■ Dataset entries ■
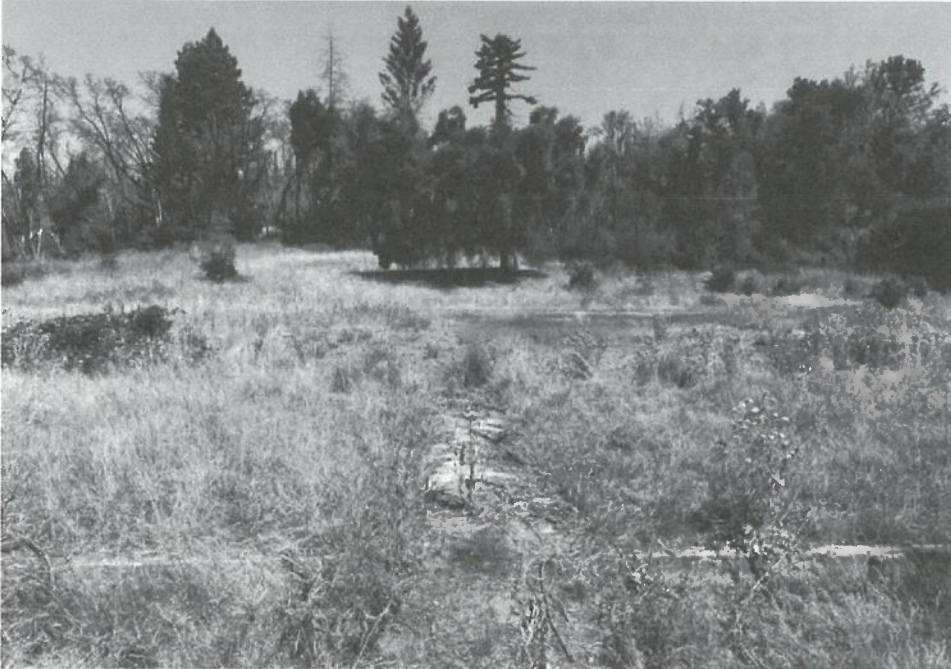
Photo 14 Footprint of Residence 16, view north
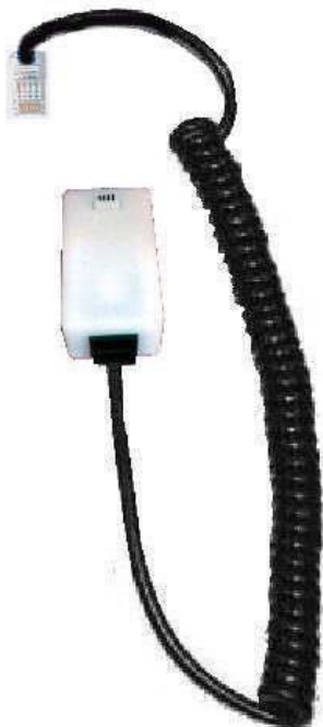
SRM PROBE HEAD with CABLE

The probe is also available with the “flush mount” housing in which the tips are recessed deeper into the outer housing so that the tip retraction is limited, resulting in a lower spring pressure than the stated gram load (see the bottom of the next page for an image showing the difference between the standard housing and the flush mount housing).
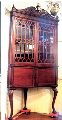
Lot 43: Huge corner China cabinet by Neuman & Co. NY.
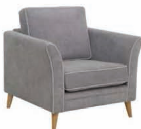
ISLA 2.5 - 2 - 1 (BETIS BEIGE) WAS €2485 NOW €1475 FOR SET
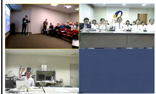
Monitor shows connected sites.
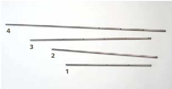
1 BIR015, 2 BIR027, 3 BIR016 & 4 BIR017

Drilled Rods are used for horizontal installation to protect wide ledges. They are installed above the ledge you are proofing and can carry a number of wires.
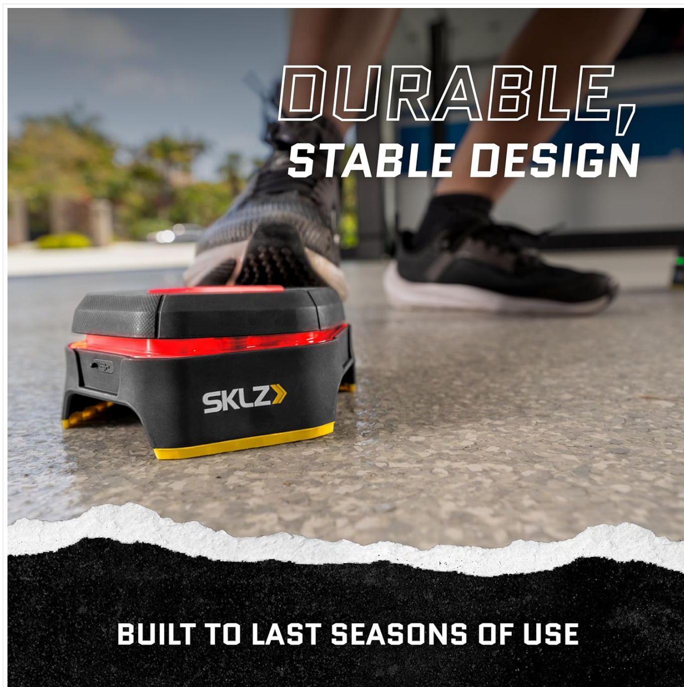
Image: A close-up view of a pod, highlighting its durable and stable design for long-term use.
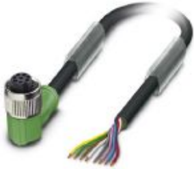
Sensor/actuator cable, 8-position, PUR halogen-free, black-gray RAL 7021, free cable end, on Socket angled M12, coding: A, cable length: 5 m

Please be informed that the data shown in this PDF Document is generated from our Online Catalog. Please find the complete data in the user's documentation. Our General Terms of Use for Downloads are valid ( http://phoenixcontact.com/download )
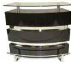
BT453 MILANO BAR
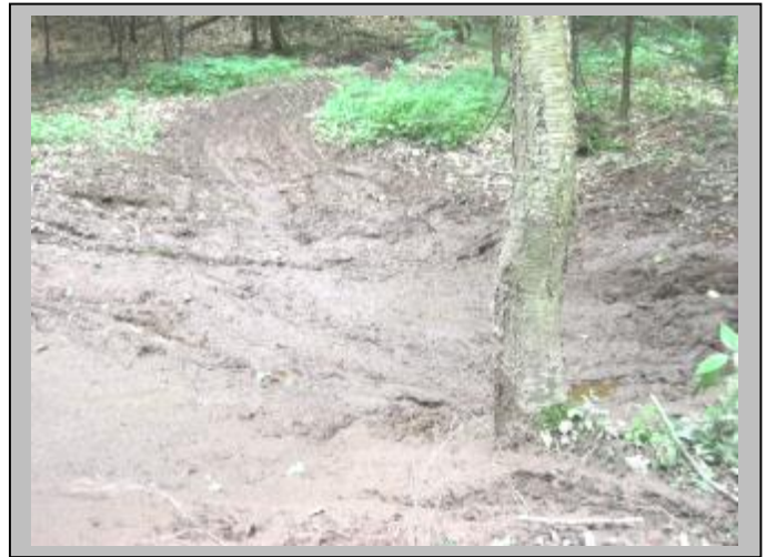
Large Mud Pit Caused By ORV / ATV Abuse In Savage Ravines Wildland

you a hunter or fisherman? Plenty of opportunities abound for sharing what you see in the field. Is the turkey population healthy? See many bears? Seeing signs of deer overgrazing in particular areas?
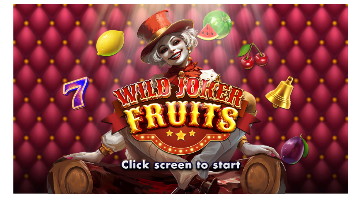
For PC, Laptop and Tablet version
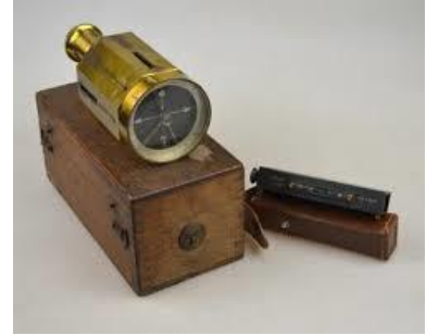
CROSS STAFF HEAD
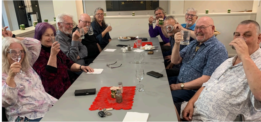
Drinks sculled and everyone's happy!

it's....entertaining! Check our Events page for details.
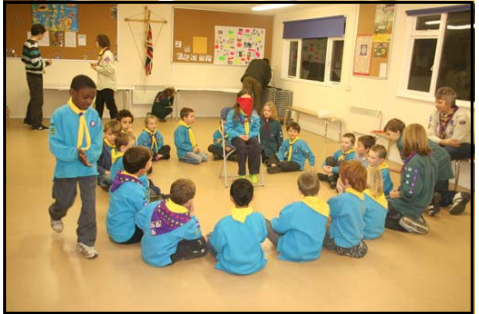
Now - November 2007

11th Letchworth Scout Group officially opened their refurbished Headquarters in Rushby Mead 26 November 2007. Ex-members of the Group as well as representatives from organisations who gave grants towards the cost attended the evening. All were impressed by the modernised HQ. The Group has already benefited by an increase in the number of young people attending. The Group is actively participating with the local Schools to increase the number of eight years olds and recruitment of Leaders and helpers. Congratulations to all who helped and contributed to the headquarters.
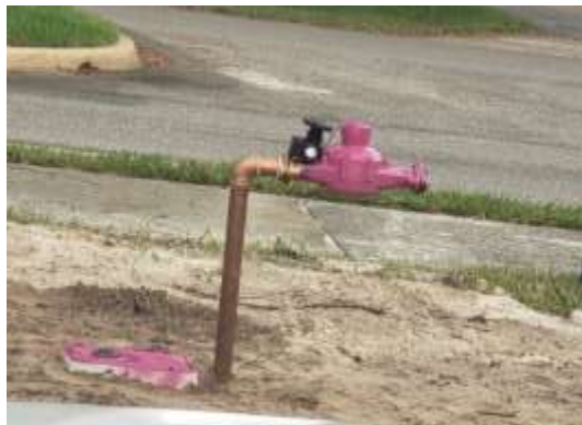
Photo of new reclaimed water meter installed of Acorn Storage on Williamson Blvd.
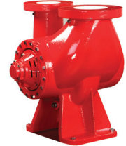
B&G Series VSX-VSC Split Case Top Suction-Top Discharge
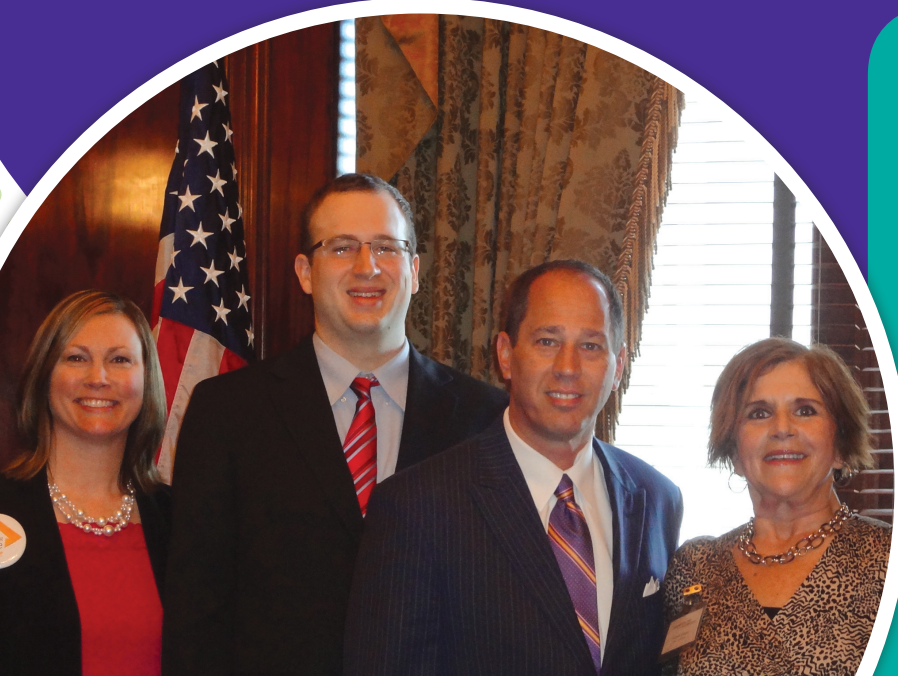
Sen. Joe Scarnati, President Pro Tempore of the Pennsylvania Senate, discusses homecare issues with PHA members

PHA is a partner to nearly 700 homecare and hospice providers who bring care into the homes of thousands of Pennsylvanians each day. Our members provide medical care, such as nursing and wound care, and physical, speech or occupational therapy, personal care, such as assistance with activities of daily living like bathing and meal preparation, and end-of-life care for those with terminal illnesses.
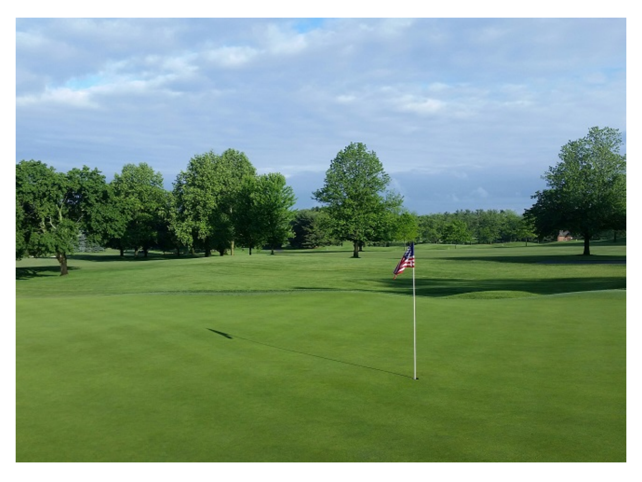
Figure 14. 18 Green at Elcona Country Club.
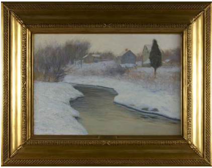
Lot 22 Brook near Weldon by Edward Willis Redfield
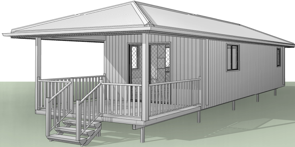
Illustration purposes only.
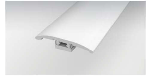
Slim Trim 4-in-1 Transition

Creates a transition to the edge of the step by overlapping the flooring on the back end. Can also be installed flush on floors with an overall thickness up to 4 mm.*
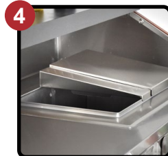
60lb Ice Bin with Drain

■ About this task ■
All lines in the data that contain the word "homecare" should be copied.

■ Answer to this problem ■
Sen. Joe Scarnati, President Pro Tempore of the Pennsylvania Senate, discusses homecare issues with PHA members
PHA is a partner to nearly 700 homecare and hospice providers who bring care into the homes of thousands of Pennsylvanians each day. Our members provide medical care, such as nursing and wound care, and physical, speech or occupational therapy, personal care, such as assistance with activities of daily living like bathing and meal preparation, and end-of-life care for those with terminal illnesses.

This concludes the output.